Lydia’s assistant, Francesca (Portrait of a Lady on Fire’s Noémie Merlant), an aspiring conductor, seems to have shrunk her life down to nothing with the expectation that she’ll eventually be handed a plum opportunity. Lydia’s wife, Sharon (Nina Hoss), is first violin at the Berlin Philharmonic, and was there before Lydia found her way to being chief conductor, though now Sharon feels like another of her support staffers. A new Russian cellist, the winsome Olga (first-timer Sophie Kauer, a real-life musician), catches Lydia’s eye and starts benefitting from her approval at the expense of the orchestra’s hierarchy. Meanwhile, Krista, a former favorite of Lydia’s from the women’s conductor development program she’s become ambivalent about, haunts the proceedings from offscreen like a forlorn ghost. The only false note this otherwise precise film sounds is at a confrontation during a class at Juilliard, where a student’s choice of a contemporary piece veers into a fight over canon. The poor kid, played by Zethphan Smith-Gneist, has to self-describe “as a BIPOC pansexual,†a phrase plucked off a Twitter bio rather than likely to be spoken, and his faltering defense in the face of Lydia’s bulldozing on behalf of Bach is the one instance of Field tipping his hand.
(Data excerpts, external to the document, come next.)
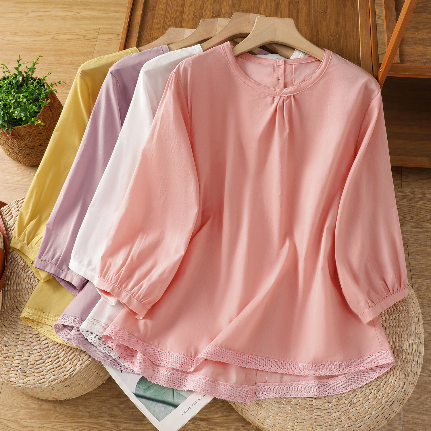 スポットレトロシャツレディースパッチワークレース裾シャツ無地リネントップ夏
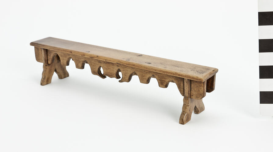 Long, rectangular wooden bench seat.
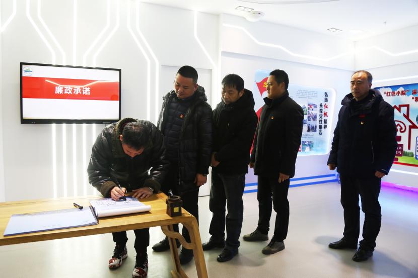各單位、項(xiàng)目部負(fù)責(zé)人在廉政教育基地現(xiàn)場(chǎng),簽訂了廉政承諾書。
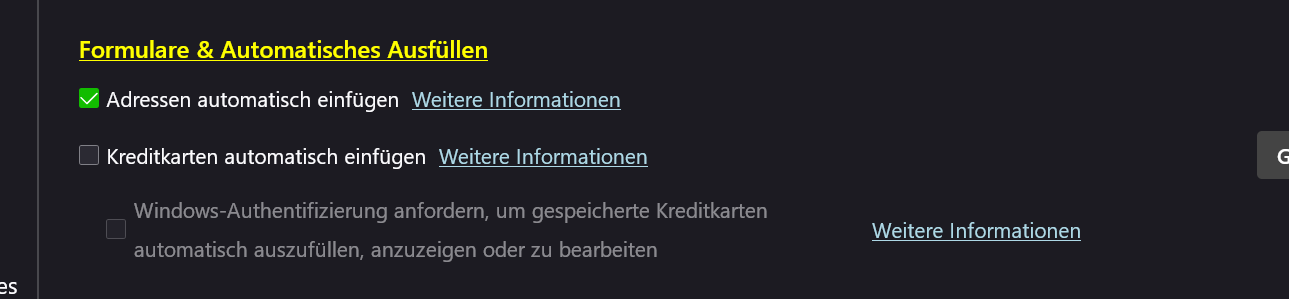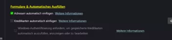 Unter "Das automatische Einfügen von Adressen aktivieren und deaktivieren" Punkt 3 wird beschrieben, dass man das Häkchen "Adressen automatisch einfügen" setzen muss. Leider kann ich in meinen Einstellungen dieses Häkchen nicht setzen, da es nicht aufgelistet ist. Unter "Formular & Automatisches Ausfüllen" finde ich nur eine (aktivierte) Auswahl für Kreditkarten.
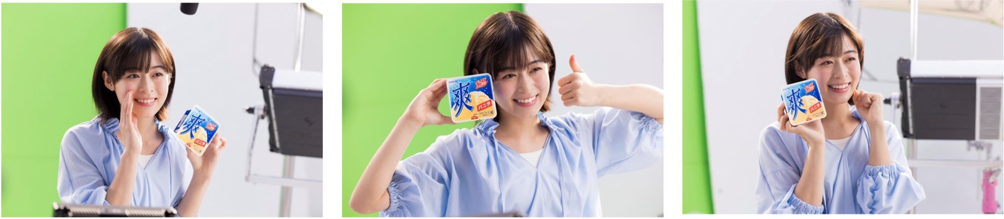 はい、ばっちり爽で休憩しながら撮影ができました!ロケで外に出ていることが多くて、そういった時の休憩中に「爽」を食べるのですが、変わらないというよりか、「こんなに美味しかったけ?!」と新たな魅力を発見します。特に、夏になると絶対に食べたくなる、あの感動をまた味わいたくなる美味しさなので変わらないというよりかは、毎年もっと好きになっているアイスです。
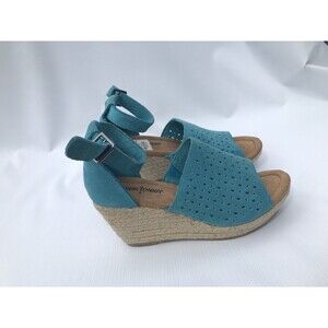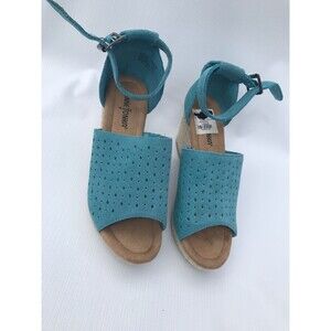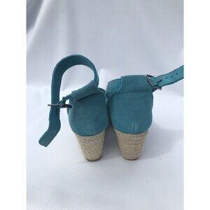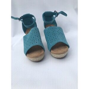 Minnetonka Teal Suede Wedge Sandals Size 9 Ankle Strap Peep Toe
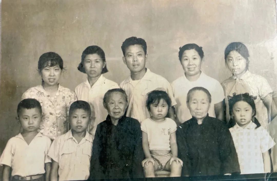 Xie Guiying in her youth (second from the right in the top row) with her family.
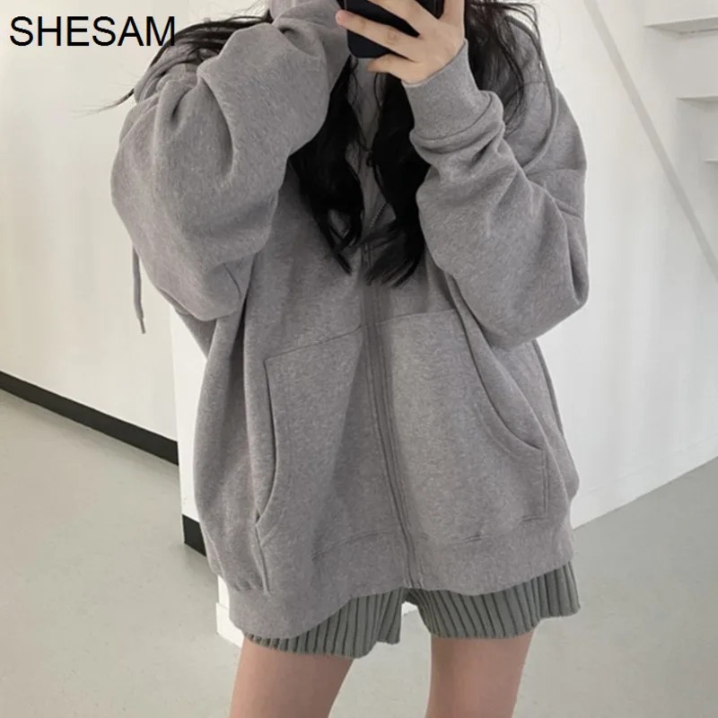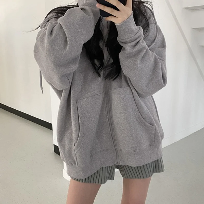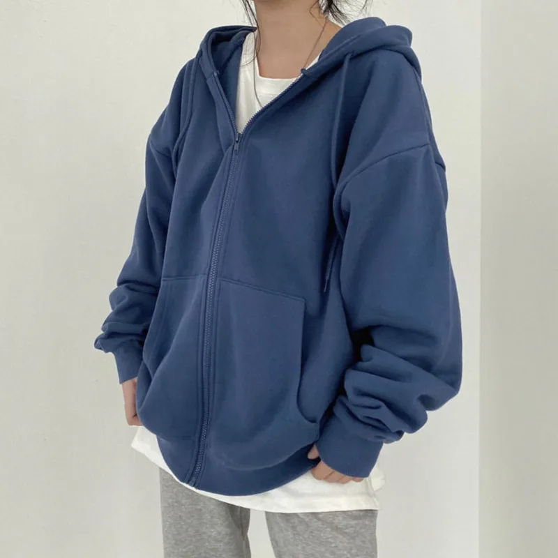 Женская однотонная толстовка на молнии, Корейская куртка с капюшоном в стиле Харадзюку большого размера, уличная Толстовка с длинным рукавом и капюшоном, 2022

But Field understands Lydia, and even empathizes with her, which is what makes Tár such a richly rendered creation. Lydia seems to move entirely through spaces of raw concrete, blonde wood, and floor-to-ceiling windows, and to be whisked around in private jets or her sleek car, and the film opts for long, fluid takes that cradle the character just as luxuriously. Hers is a high-end paradise she’ll eventually be cast out of, and while it’s entirely her own fault, Field stresses how her downfall came from her willingness to have art be foremost. That’s a convenient position to hold when it’s your art, and it’s other people’s hearts, dreams, and livelihoods that get thrown into the hopper on your behalf. Lydia, holed up in her old apartment as she works on a new composition, or teasing out the interpretation she wants from a group of musicians, bending their collective sound to her will, is a genuine talent and a true believer in her work. But in Tár, where everyone bends to Lydia like reeds in the wind, you understand how someone can fool themselves into believing that being a monster is just part of the work, that it’s a requirement, that everyone else is just there to enable the work to happen. And in the film’s perfect ending, Lydia finds a way for the work to continue, somewhat. It’s a finale so arid that it takes a beat to appreciate how funny it is, too.